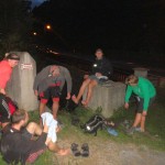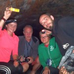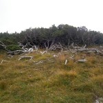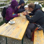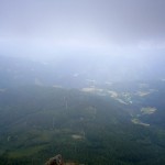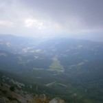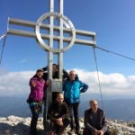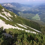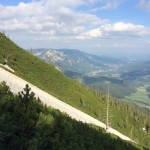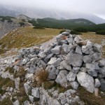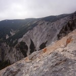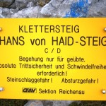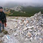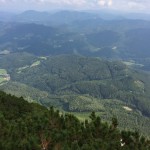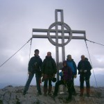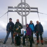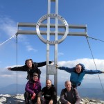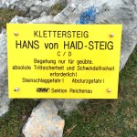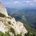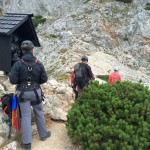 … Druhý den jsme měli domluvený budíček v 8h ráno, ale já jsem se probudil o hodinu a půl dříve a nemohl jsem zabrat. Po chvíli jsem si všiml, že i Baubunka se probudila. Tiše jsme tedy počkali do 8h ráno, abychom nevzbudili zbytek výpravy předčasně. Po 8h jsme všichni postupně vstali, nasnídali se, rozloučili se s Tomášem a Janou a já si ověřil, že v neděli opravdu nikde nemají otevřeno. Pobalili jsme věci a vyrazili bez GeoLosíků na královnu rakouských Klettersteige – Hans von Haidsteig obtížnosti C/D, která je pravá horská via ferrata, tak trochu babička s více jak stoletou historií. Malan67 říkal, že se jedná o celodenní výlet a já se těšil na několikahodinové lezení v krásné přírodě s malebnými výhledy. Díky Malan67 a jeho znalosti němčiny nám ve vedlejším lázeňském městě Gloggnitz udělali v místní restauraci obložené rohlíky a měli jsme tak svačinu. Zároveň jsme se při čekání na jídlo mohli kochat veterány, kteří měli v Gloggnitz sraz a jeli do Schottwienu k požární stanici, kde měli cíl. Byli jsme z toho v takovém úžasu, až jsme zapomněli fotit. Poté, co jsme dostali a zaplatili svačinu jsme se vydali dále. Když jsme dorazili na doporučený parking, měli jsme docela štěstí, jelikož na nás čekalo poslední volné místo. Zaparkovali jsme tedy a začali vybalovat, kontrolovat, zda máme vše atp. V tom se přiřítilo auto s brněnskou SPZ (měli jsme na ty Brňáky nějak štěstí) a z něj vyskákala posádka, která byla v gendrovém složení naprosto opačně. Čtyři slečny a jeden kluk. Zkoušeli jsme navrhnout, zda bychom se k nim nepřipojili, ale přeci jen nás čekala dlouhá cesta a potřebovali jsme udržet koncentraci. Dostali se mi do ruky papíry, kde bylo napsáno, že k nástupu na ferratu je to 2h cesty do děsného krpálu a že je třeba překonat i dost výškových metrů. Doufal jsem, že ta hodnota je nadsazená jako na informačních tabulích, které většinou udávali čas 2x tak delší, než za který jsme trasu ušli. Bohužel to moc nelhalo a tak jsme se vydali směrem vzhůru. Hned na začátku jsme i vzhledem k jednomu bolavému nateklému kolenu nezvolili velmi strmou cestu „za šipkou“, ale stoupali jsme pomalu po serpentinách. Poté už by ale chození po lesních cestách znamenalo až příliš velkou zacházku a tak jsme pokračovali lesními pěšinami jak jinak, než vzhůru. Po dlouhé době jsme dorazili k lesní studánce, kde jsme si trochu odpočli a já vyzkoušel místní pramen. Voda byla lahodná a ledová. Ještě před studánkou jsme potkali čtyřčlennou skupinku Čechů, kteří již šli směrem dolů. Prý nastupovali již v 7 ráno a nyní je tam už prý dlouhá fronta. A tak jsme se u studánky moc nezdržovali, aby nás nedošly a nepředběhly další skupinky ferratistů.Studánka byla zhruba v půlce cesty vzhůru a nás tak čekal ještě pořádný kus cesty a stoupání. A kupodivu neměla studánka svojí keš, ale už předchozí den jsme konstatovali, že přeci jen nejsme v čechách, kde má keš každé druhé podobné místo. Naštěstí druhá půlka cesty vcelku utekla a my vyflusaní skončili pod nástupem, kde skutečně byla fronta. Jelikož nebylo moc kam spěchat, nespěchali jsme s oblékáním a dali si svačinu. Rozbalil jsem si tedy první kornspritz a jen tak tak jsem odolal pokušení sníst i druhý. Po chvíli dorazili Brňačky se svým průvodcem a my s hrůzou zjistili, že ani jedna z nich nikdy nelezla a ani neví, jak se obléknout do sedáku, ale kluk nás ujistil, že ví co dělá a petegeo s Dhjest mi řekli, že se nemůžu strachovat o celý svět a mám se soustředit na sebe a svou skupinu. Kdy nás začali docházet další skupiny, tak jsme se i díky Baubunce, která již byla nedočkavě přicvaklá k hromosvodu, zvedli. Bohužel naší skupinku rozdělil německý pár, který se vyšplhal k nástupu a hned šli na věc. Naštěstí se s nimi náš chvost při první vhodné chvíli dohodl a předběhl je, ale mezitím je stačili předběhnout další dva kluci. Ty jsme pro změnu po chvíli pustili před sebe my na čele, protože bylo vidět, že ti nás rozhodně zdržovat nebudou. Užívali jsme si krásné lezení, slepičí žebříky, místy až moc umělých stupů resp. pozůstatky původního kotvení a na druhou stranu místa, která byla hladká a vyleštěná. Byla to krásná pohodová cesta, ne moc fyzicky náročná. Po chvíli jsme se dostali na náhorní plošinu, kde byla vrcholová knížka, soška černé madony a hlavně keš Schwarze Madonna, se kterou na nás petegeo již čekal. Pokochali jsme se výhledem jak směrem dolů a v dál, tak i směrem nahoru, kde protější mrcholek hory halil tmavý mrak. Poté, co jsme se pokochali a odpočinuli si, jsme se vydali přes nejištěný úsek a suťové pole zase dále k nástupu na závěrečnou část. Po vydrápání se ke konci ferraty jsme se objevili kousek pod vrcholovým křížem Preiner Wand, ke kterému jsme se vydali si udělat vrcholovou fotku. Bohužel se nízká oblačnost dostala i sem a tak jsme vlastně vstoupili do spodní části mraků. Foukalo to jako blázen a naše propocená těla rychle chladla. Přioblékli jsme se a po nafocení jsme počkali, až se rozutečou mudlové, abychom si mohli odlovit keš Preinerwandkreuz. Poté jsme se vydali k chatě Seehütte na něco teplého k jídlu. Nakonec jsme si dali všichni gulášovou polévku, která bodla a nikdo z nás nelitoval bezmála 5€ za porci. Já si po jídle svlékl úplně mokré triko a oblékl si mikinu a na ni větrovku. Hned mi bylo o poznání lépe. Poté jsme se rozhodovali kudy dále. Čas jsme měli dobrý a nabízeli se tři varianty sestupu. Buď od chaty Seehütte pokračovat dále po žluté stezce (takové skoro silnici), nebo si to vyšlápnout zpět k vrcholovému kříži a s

..........

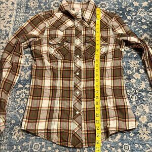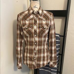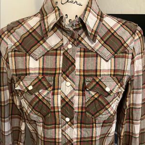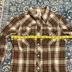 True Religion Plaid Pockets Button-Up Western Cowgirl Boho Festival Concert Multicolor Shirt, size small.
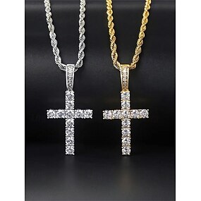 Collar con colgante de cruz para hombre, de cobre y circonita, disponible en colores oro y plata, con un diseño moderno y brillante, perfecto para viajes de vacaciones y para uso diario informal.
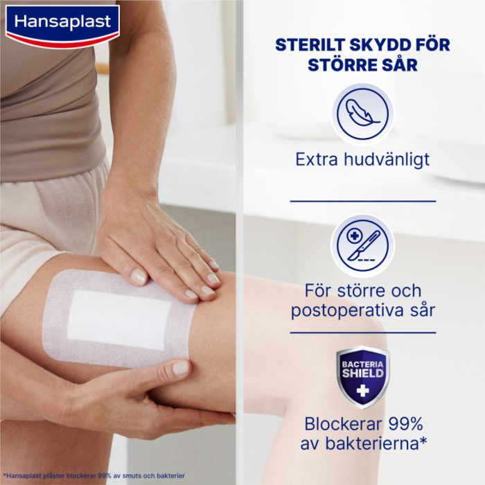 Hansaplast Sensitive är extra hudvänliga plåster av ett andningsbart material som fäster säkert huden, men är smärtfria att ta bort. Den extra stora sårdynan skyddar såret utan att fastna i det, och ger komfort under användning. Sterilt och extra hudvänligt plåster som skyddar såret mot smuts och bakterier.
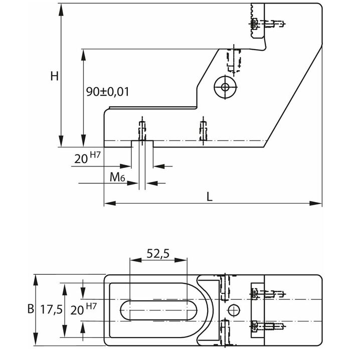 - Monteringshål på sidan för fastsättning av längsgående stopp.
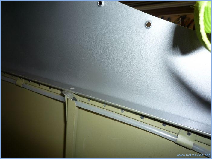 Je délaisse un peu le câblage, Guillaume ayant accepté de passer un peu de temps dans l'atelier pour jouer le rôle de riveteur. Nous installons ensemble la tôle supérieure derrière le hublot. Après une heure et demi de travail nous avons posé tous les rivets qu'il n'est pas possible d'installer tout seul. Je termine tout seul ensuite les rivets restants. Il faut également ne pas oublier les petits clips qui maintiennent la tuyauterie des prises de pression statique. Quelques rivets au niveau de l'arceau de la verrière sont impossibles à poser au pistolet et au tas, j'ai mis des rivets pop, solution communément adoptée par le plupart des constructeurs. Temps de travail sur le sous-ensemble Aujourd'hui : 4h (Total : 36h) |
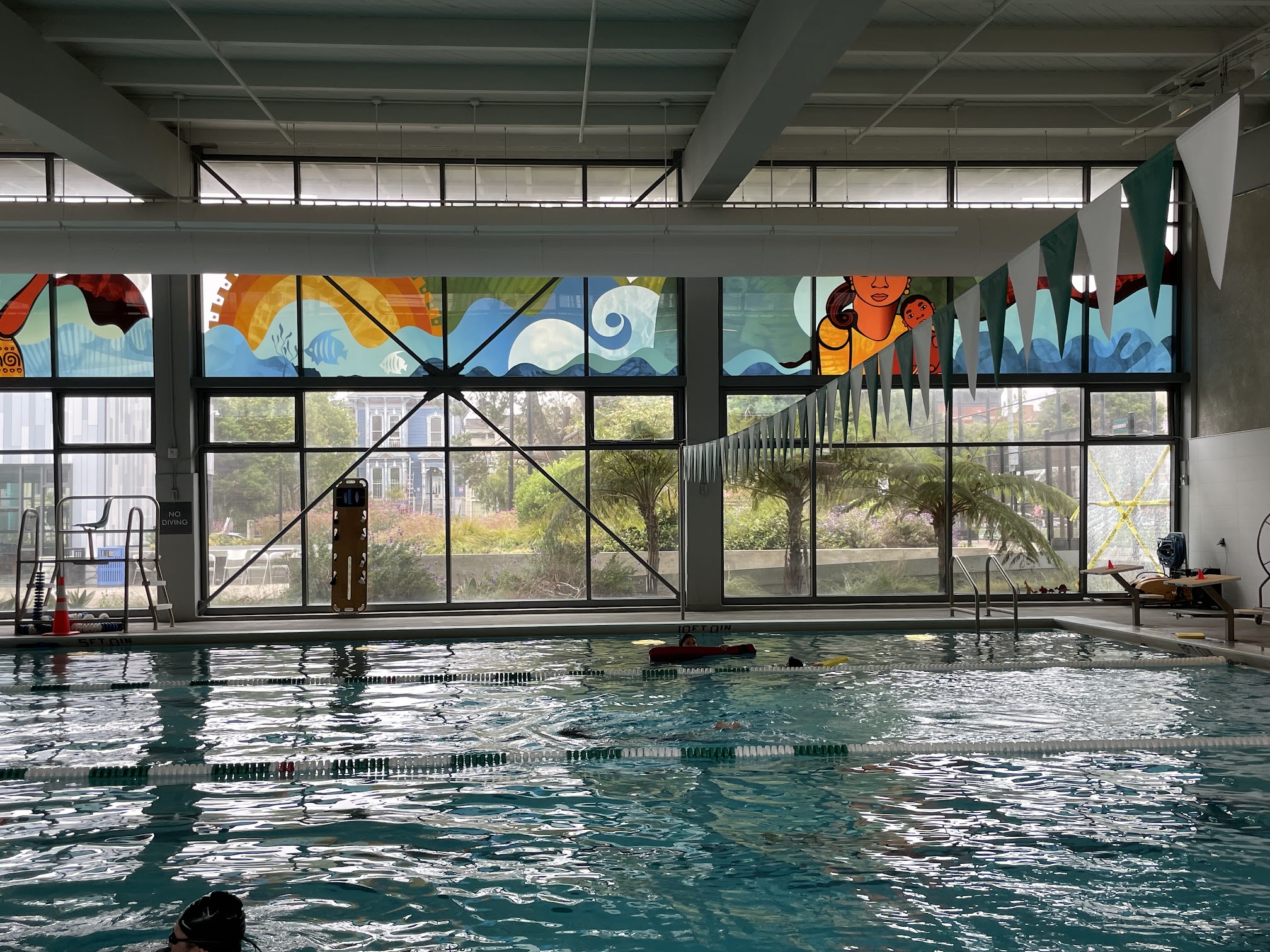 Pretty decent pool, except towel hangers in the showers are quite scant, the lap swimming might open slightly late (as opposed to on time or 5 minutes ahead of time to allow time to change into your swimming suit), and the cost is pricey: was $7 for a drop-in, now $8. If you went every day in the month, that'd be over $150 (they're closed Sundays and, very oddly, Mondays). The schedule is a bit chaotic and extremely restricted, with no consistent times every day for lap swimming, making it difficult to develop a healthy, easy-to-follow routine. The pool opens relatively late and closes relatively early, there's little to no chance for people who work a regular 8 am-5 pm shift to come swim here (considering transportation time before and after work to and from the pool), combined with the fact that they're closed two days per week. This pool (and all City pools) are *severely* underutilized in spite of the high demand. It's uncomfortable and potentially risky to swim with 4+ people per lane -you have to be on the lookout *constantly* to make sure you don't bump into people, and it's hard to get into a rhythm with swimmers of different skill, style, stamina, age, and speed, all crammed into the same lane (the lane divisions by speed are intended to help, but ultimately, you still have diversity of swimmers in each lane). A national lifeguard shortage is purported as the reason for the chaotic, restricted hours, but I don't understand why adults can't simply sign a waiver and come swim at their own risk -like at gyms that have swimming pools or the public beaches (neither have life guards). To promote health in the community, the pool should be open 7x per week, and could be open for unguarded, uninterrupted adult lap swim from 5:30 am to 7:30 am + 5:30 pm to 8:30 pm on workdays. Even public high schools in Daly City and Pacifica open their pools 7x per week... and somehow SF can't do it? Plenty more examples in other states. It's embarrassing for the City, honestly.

..........

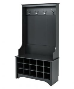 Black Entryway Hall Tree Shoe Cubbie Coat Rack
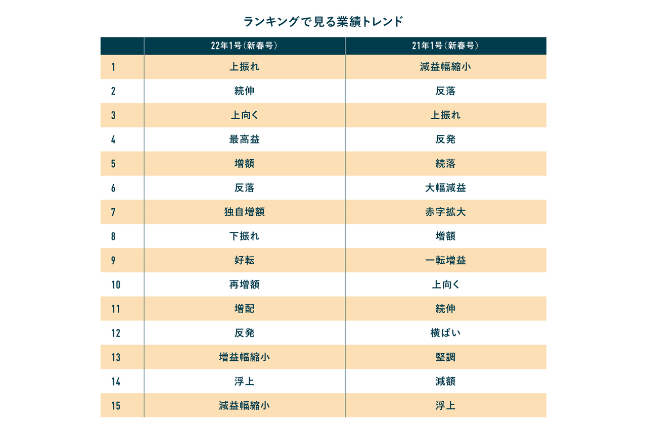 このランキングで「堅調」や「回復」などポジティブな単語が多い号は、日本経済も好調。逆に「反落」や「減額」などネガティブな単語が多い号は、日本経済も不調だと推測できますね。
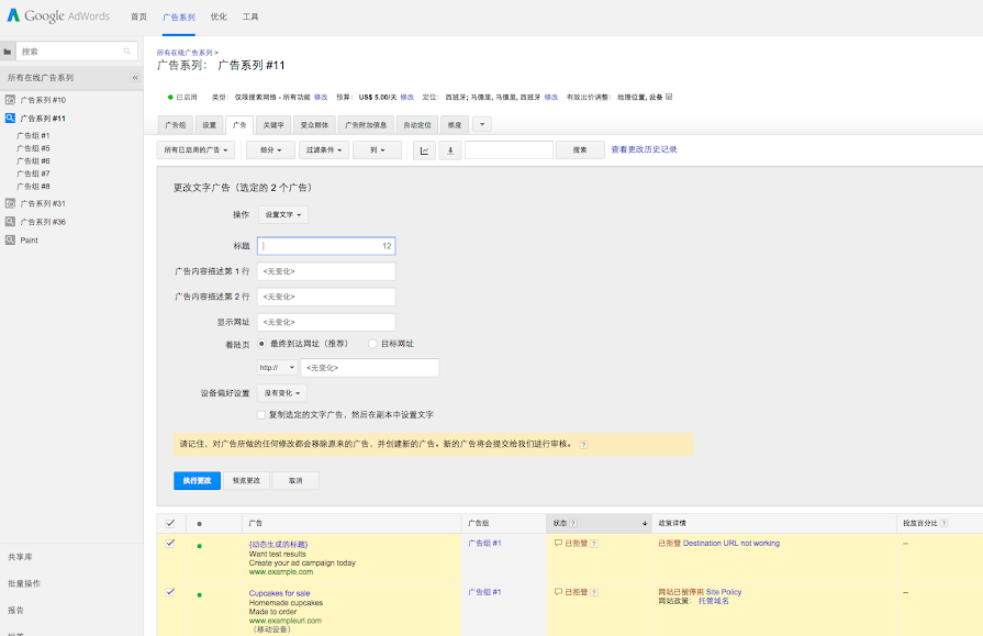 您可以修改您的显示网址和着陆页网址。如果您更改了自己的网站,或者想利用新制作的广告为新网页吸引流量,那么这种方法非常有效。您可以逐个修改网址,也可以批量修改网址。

..........

Task prompt:
With the pictures removed from your copy, retype the lines above from the one that contains "Black Entryway Hall" through the one that contains "您可以修改您的显示网址和着陆", exactly.

Answer to this task:
 Black Entryway Hall Tree Shoe Cubbie Coat Rack
 このランキングで「堅調」や「回復」などポジティブな単語が多い号は、日本経済も好調。逆に「反落」や「減額」などネガティブな単語が多い号は、日本経済も不調だと推測できますね。
 您可以修改您的显示网址和着陆页网址。如果您更改了自己的网站,或者想利用新制作的广告为新网页吸引流量,那么这种方法非常有效。您可以逐个修改网址,也可以批量修改网址。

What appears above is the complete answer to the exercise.